| ASSIGNMENT |
Emit the data below verbatim, stripping out any pictures.

*** Block opens ***

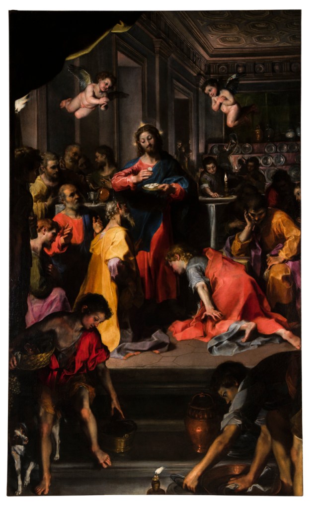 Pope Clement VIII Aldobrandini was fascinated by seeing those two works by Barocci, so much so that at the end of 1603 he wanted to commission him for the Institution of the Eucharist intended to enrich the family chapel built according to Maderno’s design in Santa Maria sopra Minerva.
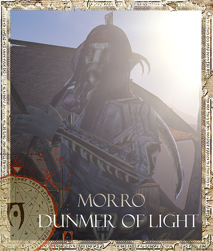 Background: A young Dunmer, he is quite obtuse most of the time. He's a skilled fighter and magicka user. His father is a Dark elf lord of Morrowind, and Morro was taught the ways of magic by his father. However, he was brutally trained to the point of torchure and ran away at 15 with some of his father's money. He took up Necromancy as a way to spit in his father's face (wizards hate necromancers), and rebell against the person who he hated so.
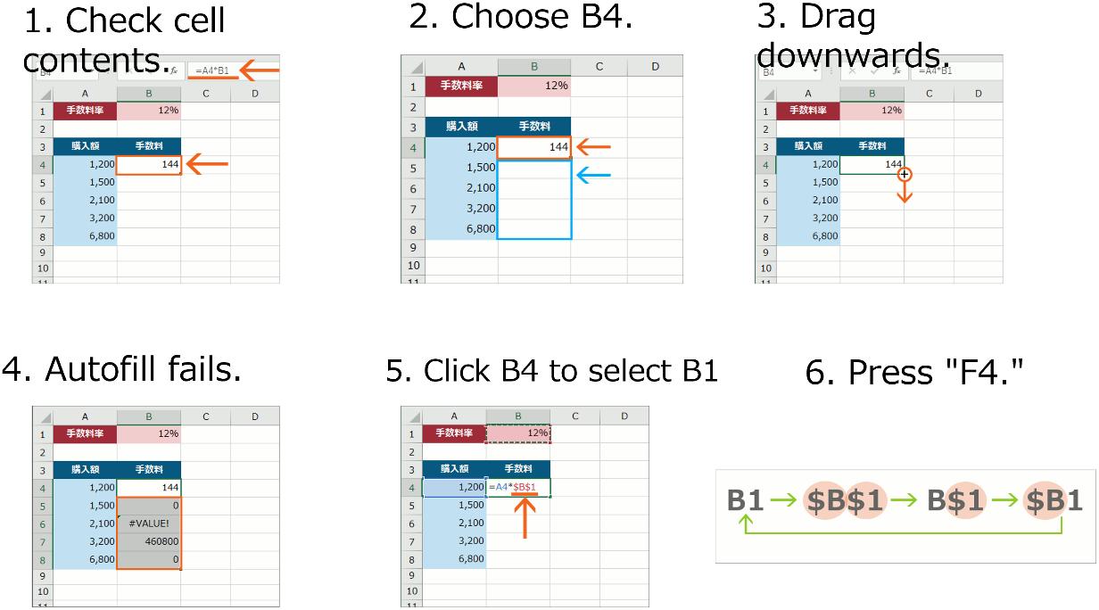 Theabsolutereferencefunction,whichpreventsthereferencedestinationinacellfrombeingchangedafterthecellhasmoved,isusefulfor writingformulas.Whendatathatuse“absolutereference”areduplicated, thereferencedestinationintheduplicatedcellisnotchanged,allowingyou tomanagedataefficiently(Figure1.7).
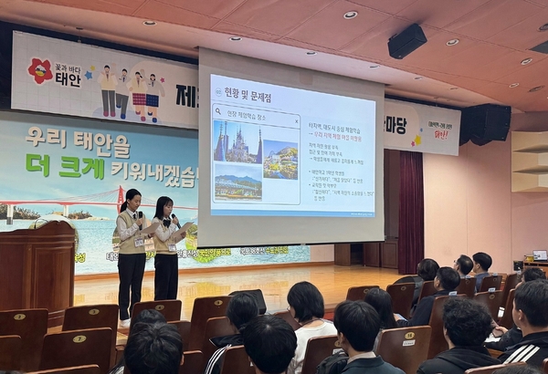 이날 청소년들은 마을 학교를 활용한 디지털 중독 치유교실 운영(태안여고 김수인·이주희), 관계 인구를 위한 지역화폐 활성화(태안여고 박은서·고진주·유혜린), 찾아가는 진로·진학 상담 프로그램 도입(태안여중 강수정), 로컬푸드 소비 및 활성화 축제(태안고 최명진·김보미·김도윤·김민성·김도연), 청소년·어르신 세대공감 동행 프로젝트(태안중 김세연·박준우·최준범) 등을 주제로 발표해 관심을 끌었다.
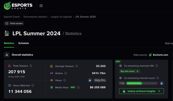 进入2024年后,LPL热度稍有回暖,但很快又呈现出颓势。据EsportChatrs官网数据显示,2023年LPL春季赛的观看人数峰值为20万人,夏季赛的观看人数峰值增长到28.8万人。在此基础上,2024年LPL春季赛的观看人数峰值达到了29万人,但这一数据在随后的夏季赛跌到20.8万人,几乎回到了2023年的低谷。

*** Block closes ***

| ANSWER TO THE PROBLEM |
 Pope Clement VIII Aldobrandini was fascinated by seeing those two works by Barocci, so much so that at the end of 1603 he wanted to commission him for the Institution of the Eucharist intended to enrich the family chapel built according to Maderno’s design in Santa Maria sopra Minerva.
 Background: A young Dunmer, he is quite obtuse most of the time. He's a skilled fighter and magicka user. His father is a Dark elf lord of Morrowind, and Morro was taught the ways of magic by his father. However, he was brutally trained to the point of torchure and ran away at 15 with some of his father's money. He took up Necromancy as a way to spit in his father's face (wizards hate necromancers), and rebell against the person who he hated so.
 Theabsolutereferencefunction,whichpreventsthereferencedestinationinacellfrombeingchangedafterthecellhasmoved,isusefulfor writingformulas.Whendatathatuse“absolutereference”areduplicated, thereferencedestinationintheduplicatedcellisnotchanged,allowingyou tomanagedataefficiently(Figure1.7).
 이날 청소년들은 마을 학교를 활용한 디지털 중독 치유교실 운영(태안여고 김수인·이주희), 관계 인구를 위한 지역화폐 활성화(태안여고 박은서·고진주·유혜린), 찾아가는 진로·진학 상담 프로그램 도입(태안여중 강수정), 로컬푸드 소비 및 활성화 축제(태안고 최명진·김보미·김도윤·김민성·김도연), 청소년·어르신 세대공감 동행 프로젝트(태안중 김세연·박준우·최준범) 등을 주제로 발표해 관심을 끌었다.
 进入2024年后,LPL热度稍有回暖,但很快又呈现出颓势。据EsportChatrs官网数据显示,2023年LPL春季赛的观看人数峰值为20万人,夏季赛的观看人数峰值增长到28.8万人。在此基础上,2024年LPL春季赛的观看人数峰值达到了29万人,但这一数据在随后的夏季赛跌到20.8万人,几乎回到了2023年的低谷。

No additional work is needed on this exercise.